Machine Learning for healthcare

Since the early inception of Artificial Intelligence (AI), healthcare has been at the forefront of applications. One of the first forms of AI is expert systems. Knowledge-based systems (KBS or expert systems) are intelligent systems that encapsulate the knowledge of a skillful person. KBS are a special kind of an intelligent system that makes extensive use of knowledge. KBS were first introduced in the 1960s during the process of collecting medical knowledge from healthcare practitioners. KBS are different from conventional software systems or data analytical systems because they use heuristic rather than algorithmic approaches for decision making [22].

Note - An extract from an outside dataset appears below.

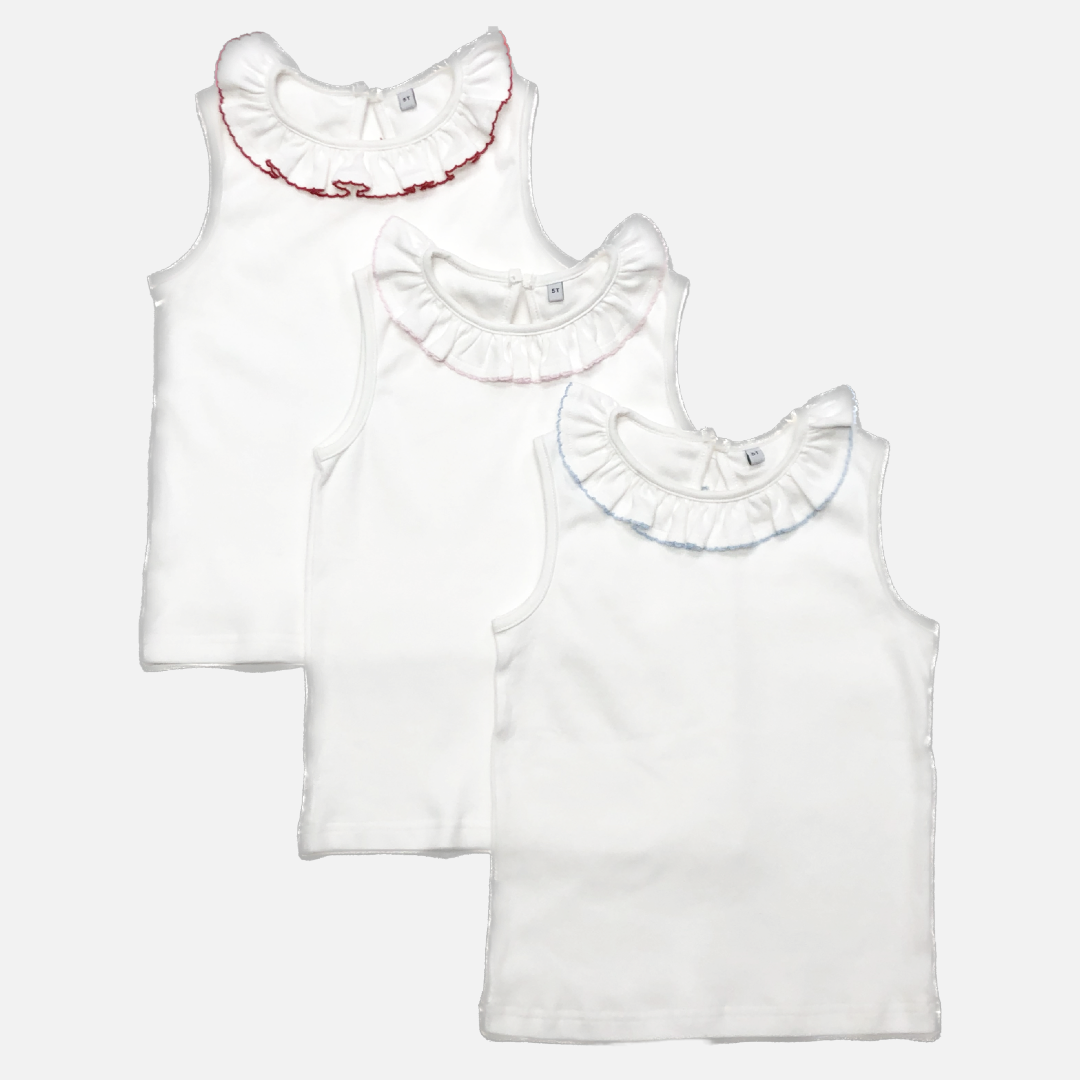 Our Bee Basic Picot Ruffle Sleeveless Top in premium cotton is soft and perfect for summer. Pairs with all Three Bees Co. bottoms. Choose between our blush pink, light blue or red picot stitch trim.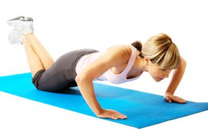Это женский вариант отжимания от пола. Его можно отнести к базовому упражнению. При выполнении данного упражнения задействованы локтевая мышца, большая грудная мышца, передний пучок дельтовидной мышцы, передняя зубчатая мышца.

The original idea of a general problem solver (GPS), that later turned into the idea of building a medical expert system, used generic search techniques aided by heuristic knowledge to solve medical problems [23]. The GPS idea was instrumental in the development of MYCIN; a system that diagnosed blood and hemoglobin disorders. MYCIN is a landmark medical KBS developed at Stanford University (known to be the first expert system). PROFORMA was later developed as a generic model for building clinical and medical expert systems (due to the rise in demand for such systems) [24]. Data re-kindled the promise of AI and fueled the algorithms that struggled to provide learning and intelligence due to the lack of abundant datasets [25]. That led to the transformation of the famous adage “data is the new oil” to “data is the new blood”.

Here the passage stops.